When we look at our three to five-year planning horizon, we've typically talked about middle single digit revenue growth on average. And there will be some lumps up and down there. And the leverage there between lean, between pricing, between raw materials, and the margin improvement that's coming out of our product mix with some of the newer devices coming to market in any given year should push that to somewhere kind of in the high singles or in some years in the low doubles.
But on average, the way our planning has worked and again looking at the longer term, we're pretty much in line with our expectations there. So you're looking at kind of mid to high singles on the sales, up and down all little bit over the five years, but in the region on average. And then a couple of points above that on the operating side.

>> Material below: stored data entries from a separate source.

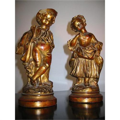 These 11 inch tall Magnificent European Sculptures of boy and a girl in victorian outfit in goldtone-red color are gorgeous. They are from composition and wood and are in very good vintage condition. a chip on the boy's hat. These sculptures are highly detailed and are marked on both bases (labels are in vintage old condition and unrecognizable). Each 11 inch by 4 inch by 4 inch in diameter. They are fairly heavy and the gold is amazing.
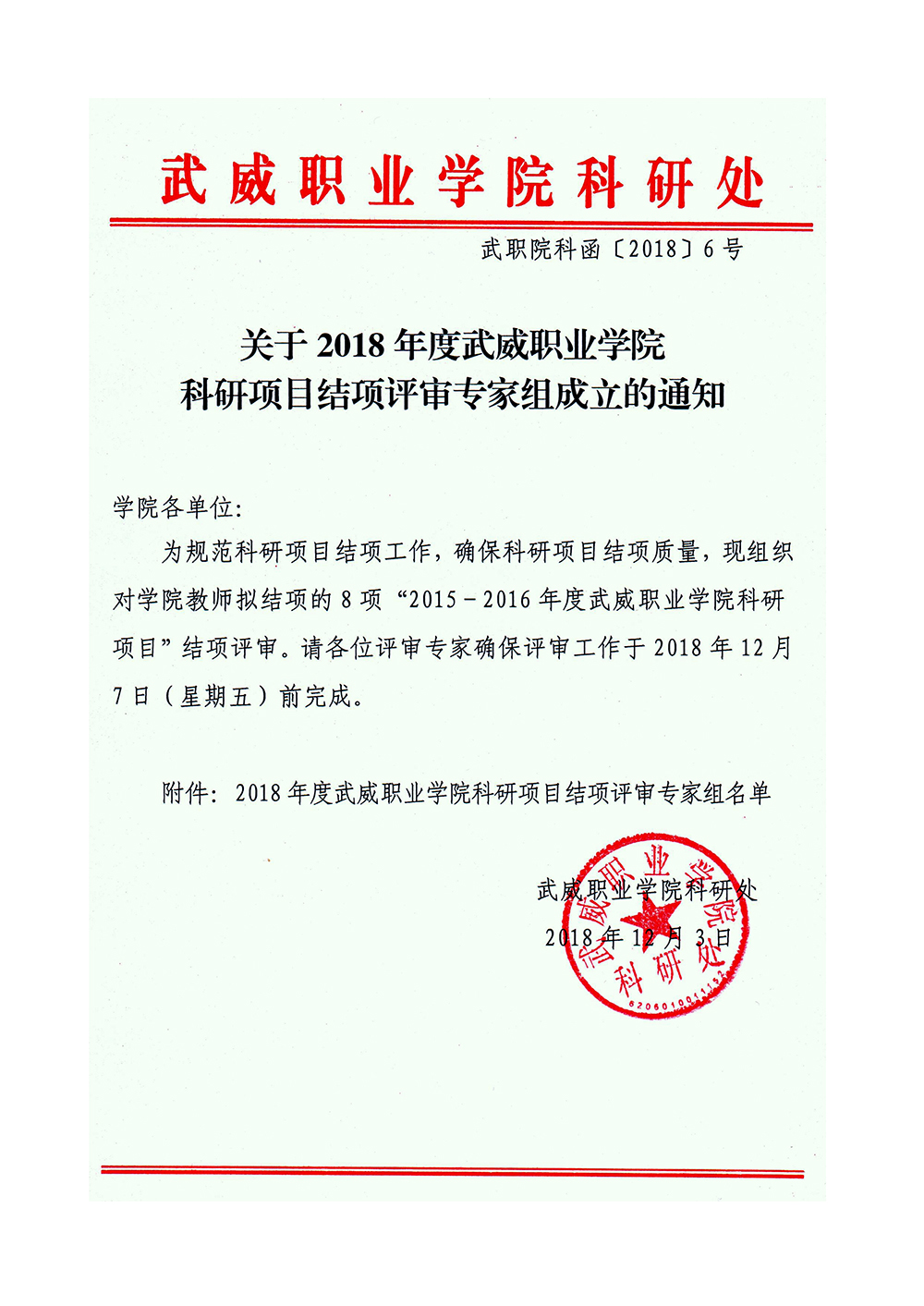 關(guān)于2018年度武威職業(yè)學(xué)院科研項(xiàng)目結(jié)項(xiàng)評(píng)審專(zhuān)家組成立的通知
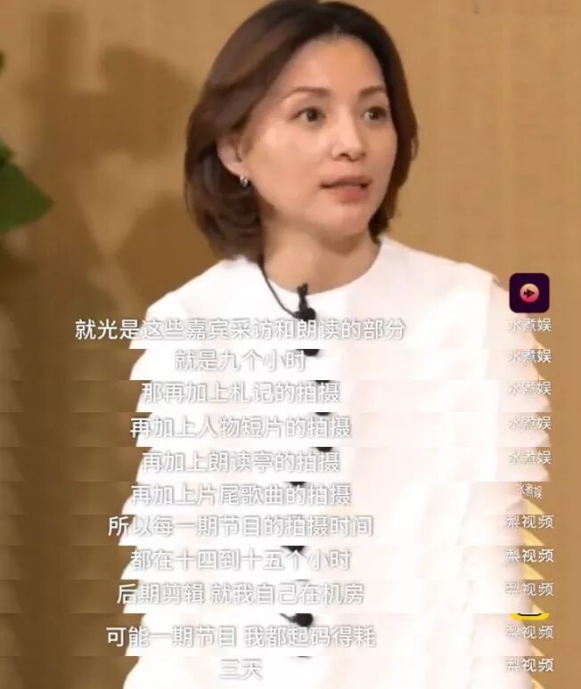 “她说开场要的是一口气,坐着气势就弱了,所以每次开场她都站着录,并且为了给观众最好的姿态,还坚持穿高跟鞋。说完了开场白,才会换上平底鞋坐下。”
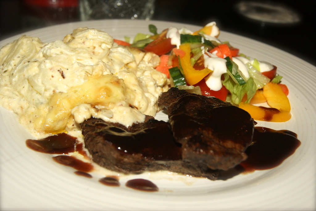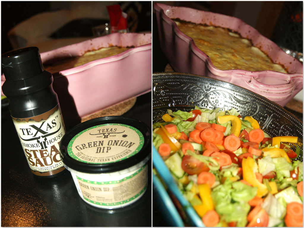 Rättikagratäng med rostbiff, sallad och goooda Texas-såser.
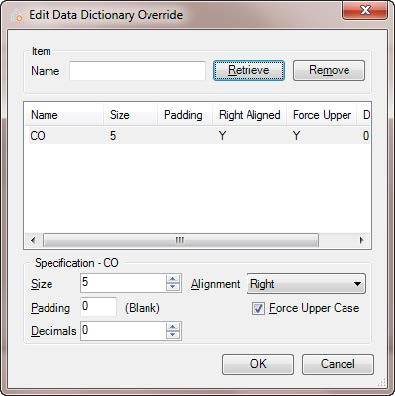 By default, a Data Dictionary Override is set up for column CO so that you do not need to enter in leading zeros if there are less than 5 values in a company number:
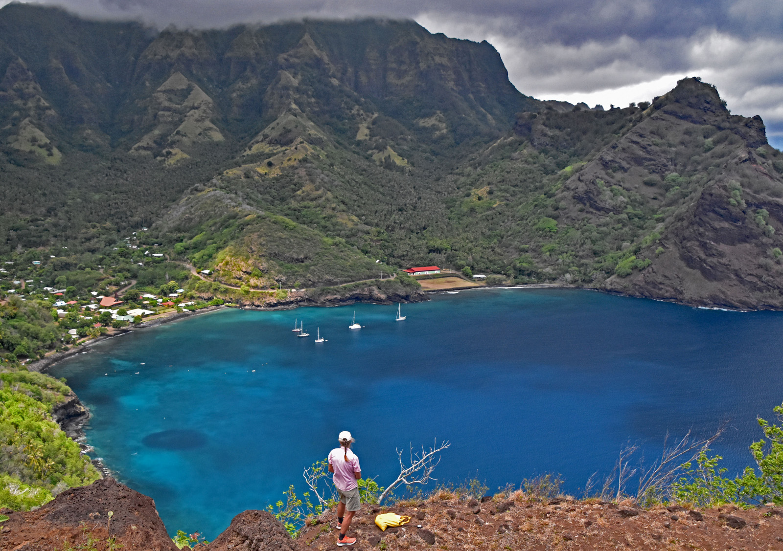Tahuata is has only 600 inhabitants, spread over 3 villages. The most attractive is Hapatoni, which has (by Marquesan standards) a sheltered anchorage and a good dinghy dock. As everywhere in these islands, the locals are friendly, and offer meals at home, which we profited from. |
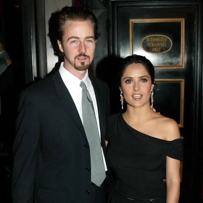 Salma Hayek y Edward Norton se conocieron en una visita al quiropráctico, comenzaron a salir en 1999 e incluso trabajaron juntos en la película “Frida”, pero su romance no duraría mucho y dieron fin a su relación en 2003.
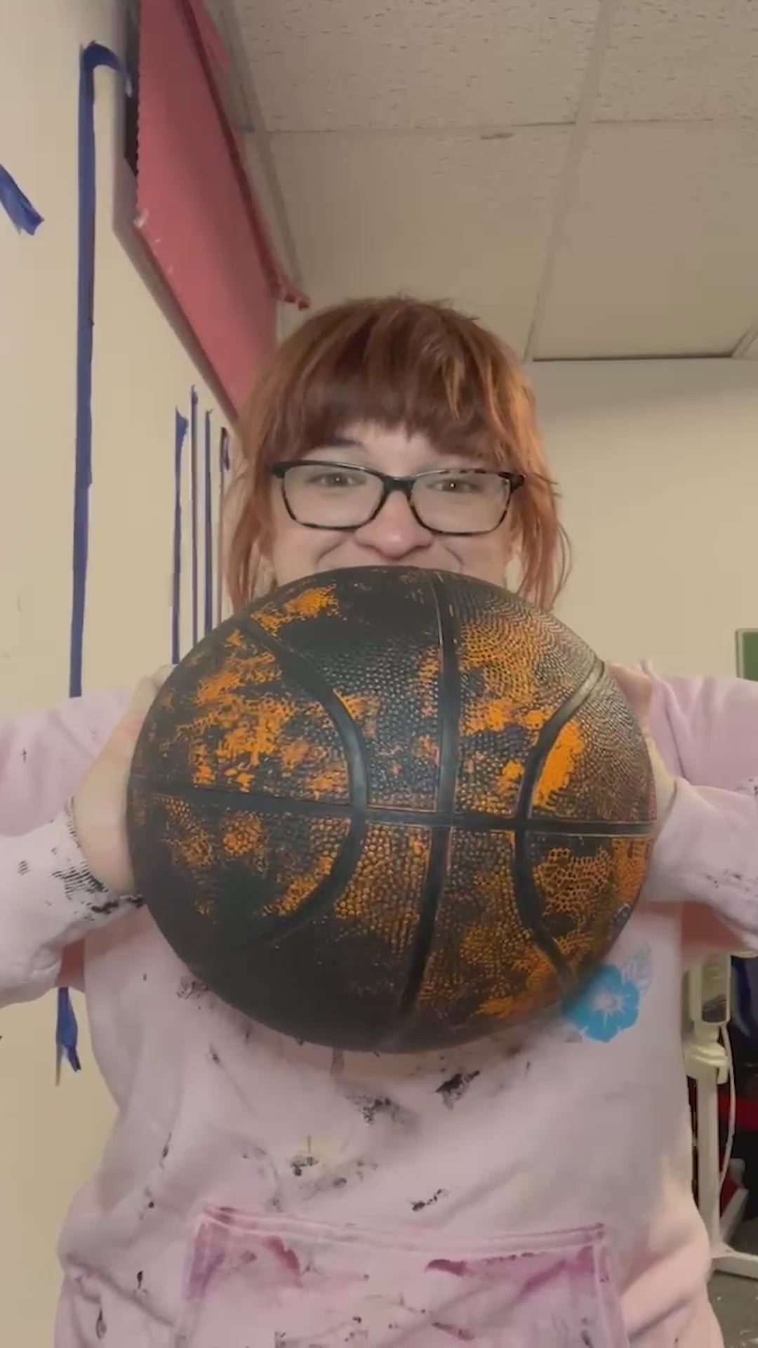 - 24" x 36". Painting made on Canson Canva paper with a basketball as a paintbrush, 2022. A paintbrush was used to further the marks made by the basketball.
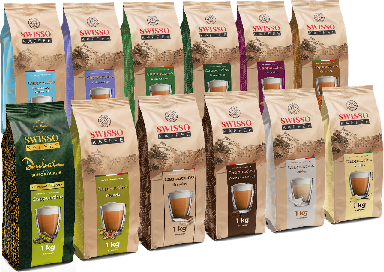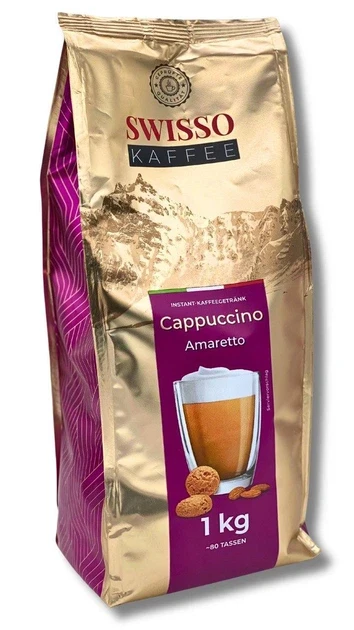 Капучіно зі смаком Амаретто Swisso Kaffee Cappuccino Amaretto 1кг Німеччина Цей чудовий напій готується змішуванням розчинної кави, солодких вершків та цукру. Просто додайте воду. Завдяки простому способу приготування, капучіно Swisso можна приготувати за лічені секунди, як у найкращих кафе світу. Широкий вибір смаків капучіно Swisso гарантує незабутні враження.

Carlos Garcia-Tunon - Analyst
Okay. Thank you very much again.
Don Morel - Chairman, CEO
You're welcome.
Operator
Gentlemen, I have no further questions in the audio queue.
Don Morel - Chairman, CEO
Thank you very much operator and thanks to everyone for your time this morning. For the remainder of the year we're going to remain focused on running our business efficiently, continuing to invest for the future and building value over the long term as we seek to deliver against our full year targets.
Thank you very much for your time this morning.
Operator
This does conclude today's conference. You may disconnect at this time. Thank you for participating.